Poor scaling between elastic energy release and eruption intensity at Tungurahua Volcano, Ecuador



[1] An important objective in volcanology is the quantification of eruption intensity through the study of elastic energy propagated into the atmosphere and ground. To better understand the relation between elastic wave radiation and eruptive activity we deployed seismic, acoustic, and video instrumentation at the active Tungurahua Volcano (Ecuador) in Nov.–Dec. of 2004. Our data show that plume expansion scales very poorly with both seismic and acoustic trace energy and only the initial amplitude of the acoustic signal is perhaps correlated with initial plume rise speeds.
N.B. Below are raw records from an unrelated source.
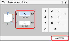 2 | Geben Sie die Werte unter [X] und [Y] ein, und drücken Sie [Anwenden]. Wenn häufig verwendete nicht standardmäßige Formate registriert sind, können Sie diese durch Drücken von [S1] bis [S3] abrufen. |
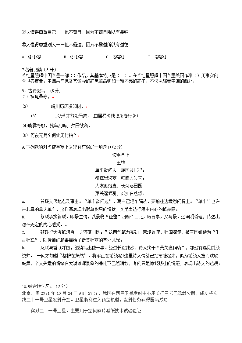 2021-2022学年辽宁省锦州市凌海市八年级上学期期中语文试题及答案(Word版)10-20
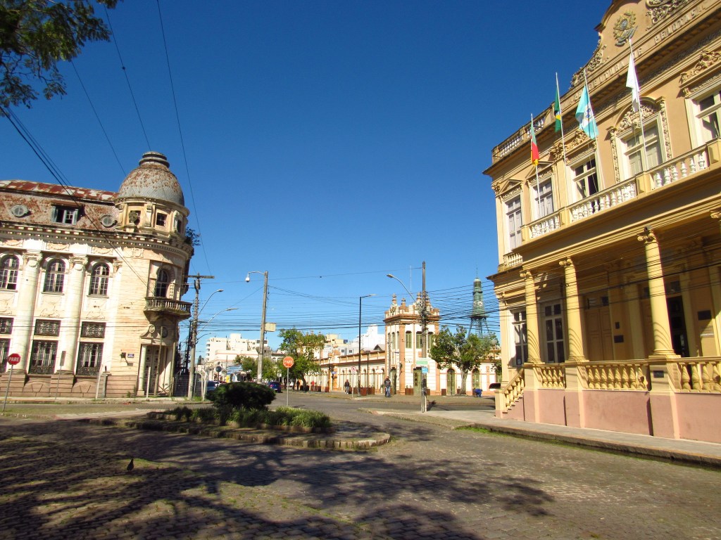 No coração da cidade gaúcha de Pelotas, um conjunto de imponentes prédios centenários, convidam a uma atenta apreciação de suas belas linhas e marcante história. E não tem com não se impactar com o icônico Mercado Central, um dos símbolos da cidade que segue vivo e pujante. Erguido após o término da Revolução Farroupilha em 1846 concentrava não só o comércio, mas também variadas apresentações artísticas em seus primeiros anos, sendo ponto de encontro de gentes de todas as classes. Na reforma de 1912 a 1914, teve acrescida uma torre metálica construída na Alemanha inspirada na Torre Eiffel de Paris… Revitalizado há poucos anos hoje é um ponto de comércio e gastronomia que atende a população e turistas, que se deliciam com os tradicionais e famosos doces da cidade. Ele está rodeado de outros antigos prédios, alguns ainda carecendo de uma revitalização como a antiga sede do Banco do Brasil, mas outros como a Prefeitura e a Biblioteca Pública estão como novos. E a Biblioteca Pública é um verdadeiro mergulho no passado, tanto para os que a admiram por fora, quanto aos que percorrem os seus ambientes… Com salões repletos de sofisticados detalhes arquitetônicos que incluem pinturas de motivos campestres nas paredes, o espaço inspira a leitura de algumas de suas obras disponíveis gratuitamente à comunidade. Um museu em seu sobsolo, fechado em tempos de pandemia, e um salão no andar superior para a realização de eventos são outros ambientes desta magnífica construção. No entorno da praça central, que pode ser vislumbrada com amplitude dos balcões desta Biblioteca, há mais prédios históricos que já mostramos em outros conteúdos… E em outras regiões da cidade também se encontram importantes exemplares, ficando até difícil de organizar toda esta informação. Além de se ter sempre aquela vontade de voltar para mostrar mais detalhes. Como é o caso da Catedral Anglicana do Redentor popularmente conhecida como “igreja cabeluda”, um curioso templo católico rodeado de heras que preenchem suas paredes externas, e que fica a poucos metros do mercado. No dia que lá estivemos estava fechada, mas certamente possui outros detalhes tão ou mais marcantes que sua fachada diferente… Que sempre rende belas imagens a quem tem, como nós, um olhar carinhoso com o nosso belo patrimônio histórico!

In general, the eventual size of Tungurahua eruption plumes does not appear to be controlled by elevated material accelerations within the conduit, which are primary influences on elastic energy radiation. This result has vital implications for volcano observatories, which are interested in using seismic and acoustic trace amplitudes as proxies for eruption magnitudes.

1. Introduction

[2] Many volcanoes worldwide radiate substantial seismic and infrasonic energy coincident with explosive degassing. In simple cases, such as at Mount Erebus, discrete Strombolian-type explosions are associated with the bursting of large overpressurized gas slugs at the lava lake free surface [Dibble et al., 1984]. Here the bubble rupture coincides with the initiation of both short period seismicity and infrasound (i.e., sound <20 Hz). Because seismic and acoustic energy scales well with each other for relatively large Erebus explosions [Rowe et al., 2000], it is probable that larger bubble bursts or higher initial gas pressures simultaneously radiate more seismo-acoustic energy into the respective media.

[3] However, a clear correlation between seismic and acoustic intensity is not apparent at many other episodically-erupting volcanoes (e.g., Arenal [Garces et al., 1998; Hagerty et al., 2000], Karymsky [Johnson and Aster, 2005], and Santiaguito [Johnson et al., 2004]). Moreover, for small-scale explosions common at Karymsky [Johnson, 2000] and Santiaguito [Johnson et al., 2004], where additional video and thermal observations have been made, it appears as though only acoustic intensity, not seismic intensity is related to initial muzzle velocity and/or initial plume rise speeds. The observed relation is attributed to explosive material emissions from a fragmentation source with an open-vent configuration. Unimpeded shallow-conduit sources perturb the atmosphere through explosive gas expansion, which efficiently generates high-amplitude, long-period acoustic waves [Lighthill, 1978].

[4] Seismic amplitudes, on the other hand, seem to exhibit poor scaling with muzzle velocity, plume expansion rate, or eventual plume size. Comparative studies between seismic radiation and eruption intensity for suites of discrete explosions at both Karymsky [Johnson, 2000] and Santiaguito [Johnson et al., 2004] failed to reveal a robust relation. In another study comparing seismic tremor amplitudes with ash column heights at 14 different volcanoes [McNutt, 1994], a clear relation was also not evident for smaller eruptions (i.e., plume heights < ∼2 km). Discrete explosion seismicity and tremor may reflect somewhat differing source mechanisms, but small-scale eruptions, which manifest both transient seismicity and short-duration tremor, are common worldwide and are endemic at many volcanoes (e.g., Karymsky, Santiaguito, and Tungurahua). Our inability to assess the magnitude of small eruptions using seismic trace data leads to a general difficulty in remote assessment of small-magnitude eruptive activity presenting problems for those engaged in volcano monitoring (e.g., at Tungurahua, IG-EPN, personal communication, 2004; at Volcán de Colima, N. Varley, personal communication, 2004).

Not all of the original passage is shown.